#### Listed records:
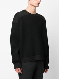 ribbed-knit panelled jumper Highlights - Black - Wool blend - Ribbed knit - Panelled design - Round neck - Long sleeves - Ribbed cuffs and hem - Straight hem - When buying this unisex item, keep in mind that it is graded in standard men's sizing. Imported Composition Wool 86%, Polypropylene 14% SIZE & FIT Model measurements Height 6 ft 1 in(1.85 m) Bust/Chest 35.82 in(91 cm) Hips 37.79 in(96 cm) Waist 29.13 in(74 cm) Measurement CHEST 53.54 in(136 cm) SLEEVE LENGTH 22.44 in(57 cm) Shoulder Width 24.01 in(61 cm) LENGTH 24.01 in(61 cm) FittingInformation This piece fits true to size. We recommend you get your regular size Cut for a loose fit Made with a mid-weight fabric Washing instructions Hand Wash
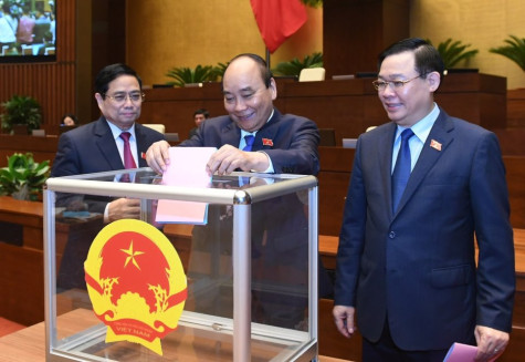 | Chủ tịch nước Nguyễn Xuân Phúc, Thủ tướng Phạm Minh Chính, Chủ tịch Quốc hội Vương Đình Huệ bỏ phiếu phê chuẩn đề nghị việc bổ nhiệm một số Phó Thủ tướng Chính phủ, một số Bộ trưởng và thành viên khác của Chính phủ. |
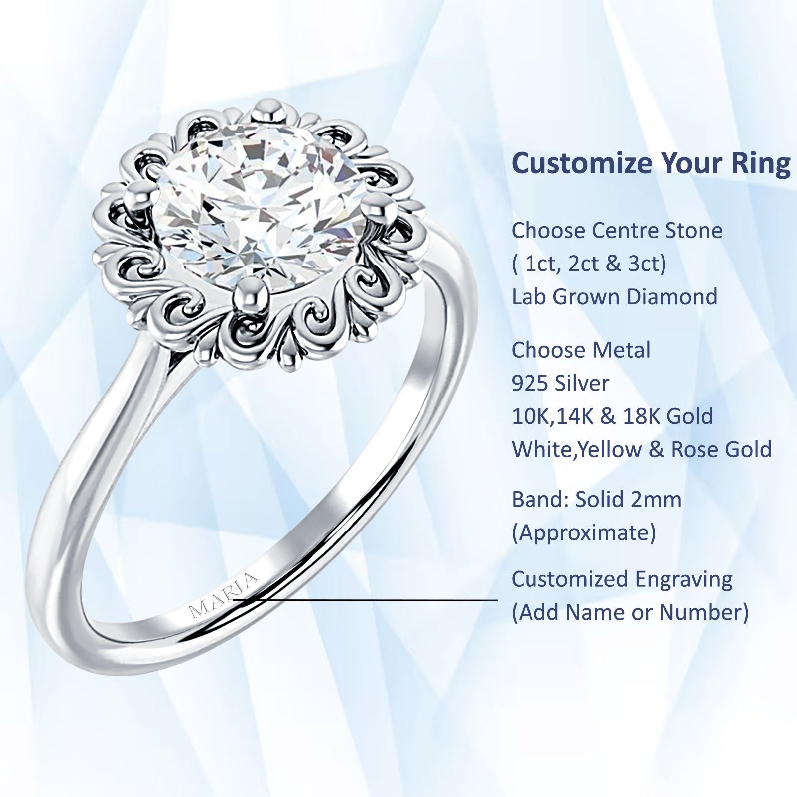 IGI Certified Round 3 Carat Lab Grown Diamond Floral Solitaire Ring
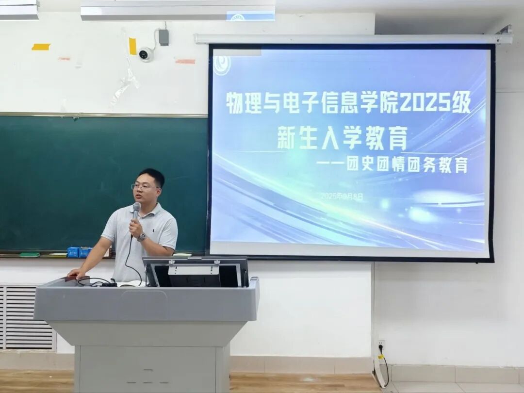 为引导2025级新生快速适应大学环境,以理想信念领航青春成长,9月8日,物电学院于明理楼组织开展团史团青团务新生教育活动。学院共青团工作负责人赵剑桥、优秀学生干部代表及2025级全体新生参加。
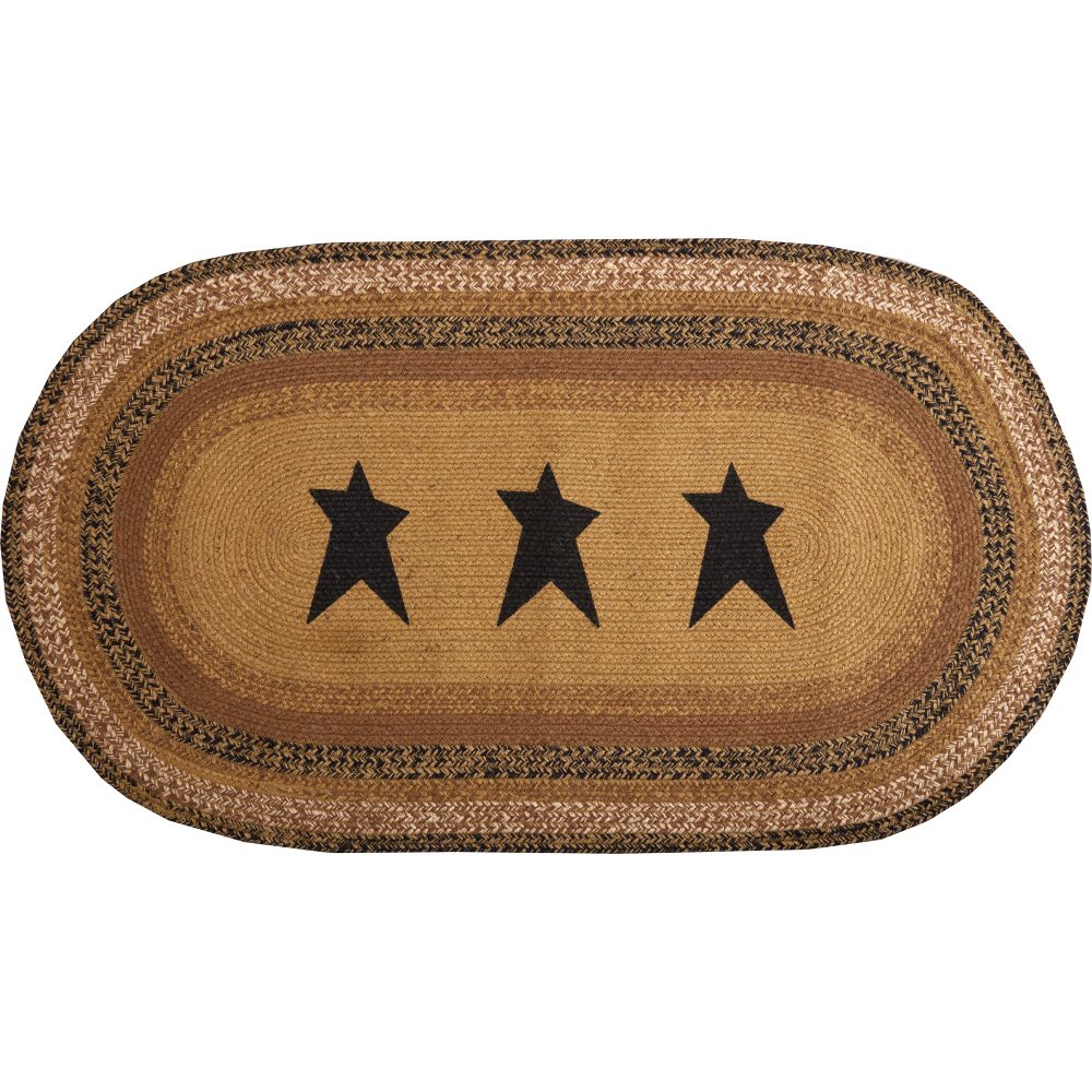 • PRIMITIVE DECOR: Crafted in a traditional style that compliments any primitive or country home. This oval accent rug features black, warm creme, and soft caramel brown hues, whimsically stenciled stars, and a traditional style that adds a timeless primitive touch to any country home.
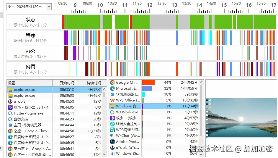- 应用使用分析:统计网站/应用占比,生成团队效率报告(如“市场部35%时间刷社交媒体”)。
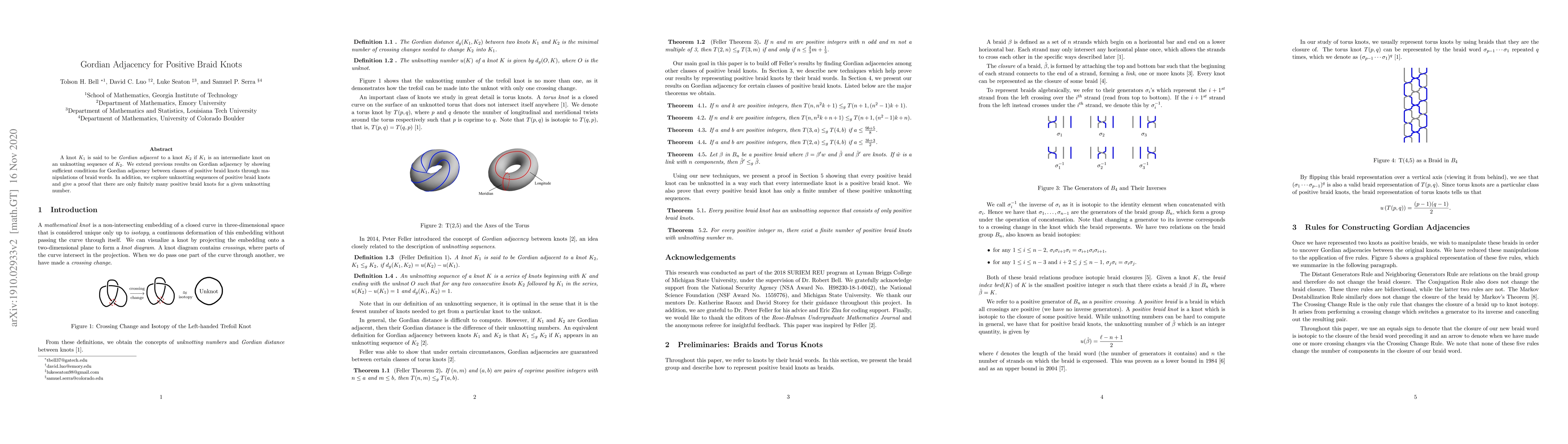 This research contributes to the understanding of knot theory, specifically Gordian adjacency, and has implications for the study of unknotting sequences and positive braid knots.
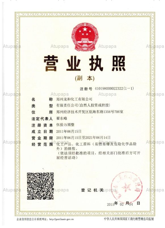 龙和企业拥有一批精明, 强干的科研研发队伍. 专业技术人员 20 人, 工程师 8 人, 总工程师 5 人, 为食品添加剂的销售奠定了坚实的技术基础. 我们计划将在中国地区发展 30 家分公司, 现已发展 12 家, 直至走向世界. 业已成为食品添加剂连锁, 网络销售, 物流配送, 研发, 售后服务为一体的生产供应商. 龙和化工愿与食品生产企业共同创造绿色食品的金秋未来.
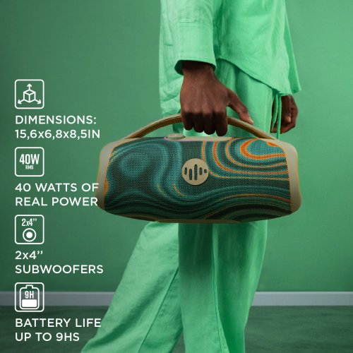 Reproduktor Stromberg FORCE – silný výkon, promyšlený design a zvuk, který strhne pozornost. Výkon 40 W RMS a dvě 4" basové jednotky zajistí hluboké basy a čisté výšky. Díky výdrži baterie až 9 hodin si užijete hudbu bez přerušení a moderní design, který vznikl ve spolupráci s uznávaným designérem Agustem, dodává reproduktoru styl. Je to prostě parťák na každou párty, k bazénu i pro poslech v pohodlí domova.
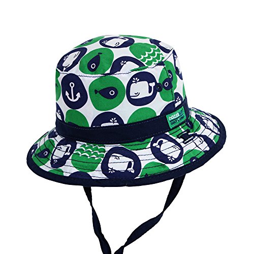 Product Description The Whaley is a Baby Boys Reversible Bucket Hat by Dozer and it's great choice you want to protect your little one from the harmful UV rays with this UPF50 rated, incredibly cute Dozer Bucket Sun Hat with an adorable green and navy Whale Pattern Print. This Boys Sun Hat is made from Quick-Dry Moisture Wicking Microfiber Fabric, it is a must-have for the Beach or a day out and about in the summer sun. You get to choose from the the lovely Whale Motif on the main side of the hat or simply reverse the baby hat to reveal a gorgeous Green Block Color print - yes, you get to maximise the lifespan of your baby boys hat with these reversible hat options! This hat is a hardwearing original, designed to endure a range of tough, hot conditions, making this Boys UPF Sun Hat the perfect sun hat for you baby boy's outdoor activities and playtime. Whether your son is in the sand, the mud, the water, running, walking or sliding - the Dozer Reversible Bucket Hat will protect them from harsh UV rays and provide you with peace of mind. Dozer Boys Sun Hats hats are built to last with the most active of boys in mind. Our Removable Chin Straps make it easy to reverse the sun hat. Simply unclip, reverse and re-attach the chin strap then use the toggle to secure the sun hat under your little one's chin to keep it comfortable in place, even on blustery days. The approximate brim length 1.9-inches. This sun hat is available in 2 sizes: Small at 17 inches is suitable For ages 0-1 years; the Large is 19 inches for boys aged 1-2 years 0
...
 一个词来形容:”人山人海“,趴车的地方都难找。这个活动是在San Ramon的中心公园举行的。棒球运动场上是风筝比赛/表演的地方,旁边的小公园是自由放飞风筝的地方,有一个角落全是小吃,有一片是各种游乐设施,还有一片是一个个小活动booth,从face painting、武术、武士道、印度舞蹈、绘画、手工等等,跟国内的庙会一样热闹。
==
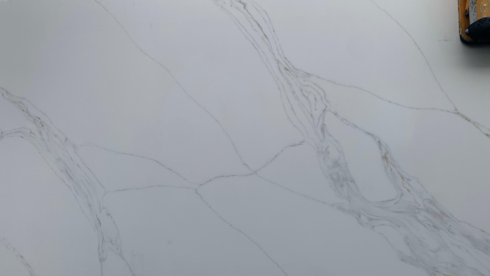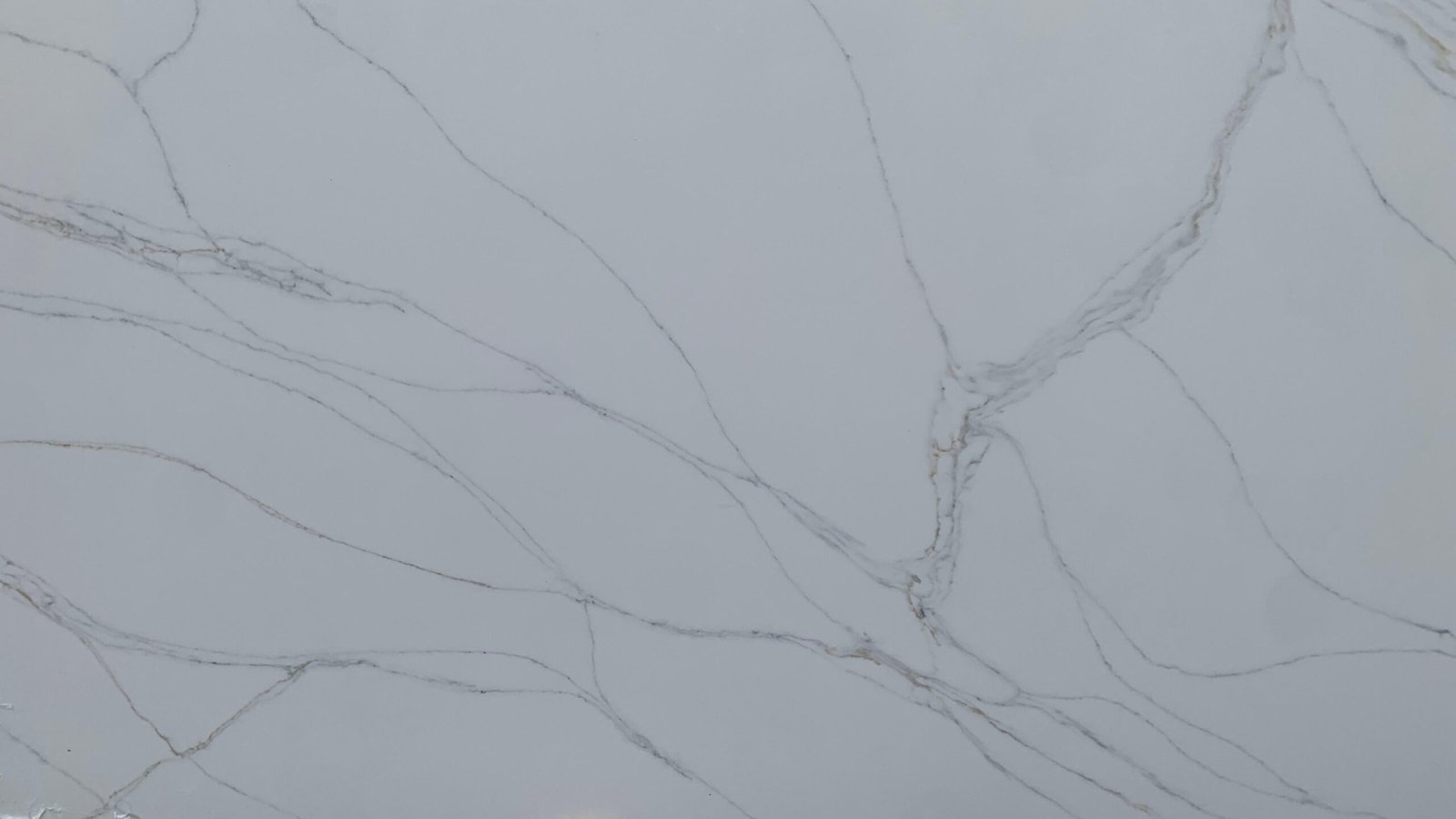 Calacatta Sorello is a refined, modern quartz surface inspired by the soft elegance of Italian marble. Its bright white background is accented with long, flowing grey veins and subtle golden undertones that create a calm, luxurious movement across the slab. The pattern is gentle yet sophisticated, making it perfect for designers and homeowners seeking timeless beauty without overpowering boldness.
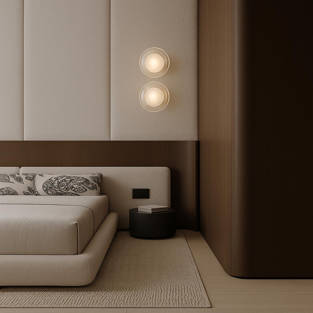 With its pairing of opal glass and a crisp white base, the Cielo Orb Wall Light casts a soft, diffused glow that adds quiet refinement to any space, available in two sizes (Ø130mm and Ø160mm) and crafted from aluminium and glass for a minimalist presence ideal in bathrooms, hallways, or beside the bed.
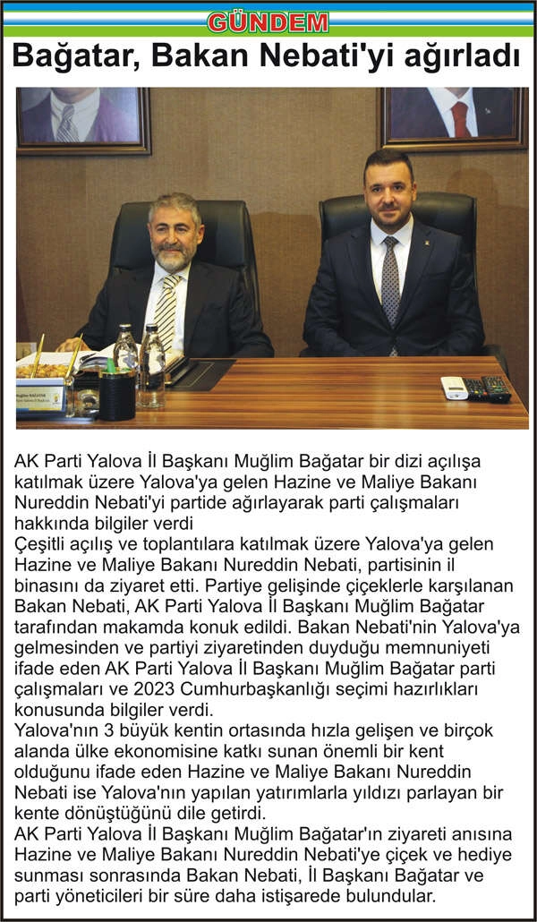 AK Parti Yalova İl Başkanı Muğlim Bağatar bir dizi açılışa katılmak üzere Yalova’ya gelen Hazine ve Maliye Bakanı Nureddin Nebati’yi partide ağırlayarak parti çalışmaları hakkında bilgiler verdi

#### What to work on:
Starting with the line that contains "ribbed-knit panelled jumper" and finishing with the line that contains "为引导2025级新生快速适应", reproduce every line of the material above exactly, but not the pictures.

#### Expected output:
 ribbed-knit panelled jumper Highlights - Black - Wool blend - Ribbed knit - Panelled design - Round neck - Long sleeves - Ribbed cuffs and hem - Straight hem - When buying this unisex item, keep in mind that it is graded in standard men's sizing. Imported Composition Wool 86%, Polypropylene 14% SIZE & FIT Model measurements Height 6 ft 1 in(1.85 m) Bust/Chest 35.82 in(91 cm) Hips 37.79 in(96 cm) Waist 29.13 in(74 cm) Measurement CHEST 53.54 in(136 cm) SLEEVE LENGTH 22.44 in(57 cm) Shoulder Width 24.01 in(61 cm) LENGTH 24.01 in(61 cm) FittingInformation This piece fits true to size. We recommend you get your regular size Cut for a loose fit Made with a mid-weight fabric Washing instructions Hand Wash
 | Chủ tịch nước Nguyễn Xuân Phúc, Thủ tướng Phạm Minh Chính, Chủ tịch Quốc hội Vương Đình Huệ bỏ phiếu phê chuẩn đề nghị việc bổ nhiệm một số Phó Thủ tướng Chính phủ, một số Bộ trưởng và thành viên khác của Chính phủ. |
 IGI Certified Round 3 Carat Lab Grown Diamond Floral Solitaire Ring
 为引导2025级新生快速适应大学环境,以理想信念领航青春成长,9月8日,物电学院于明理楼组织开展团史团青团务新生教育活动。学院共青团工作负责人赵剑桥、优秀学生干部代表及2025级全体新生参加。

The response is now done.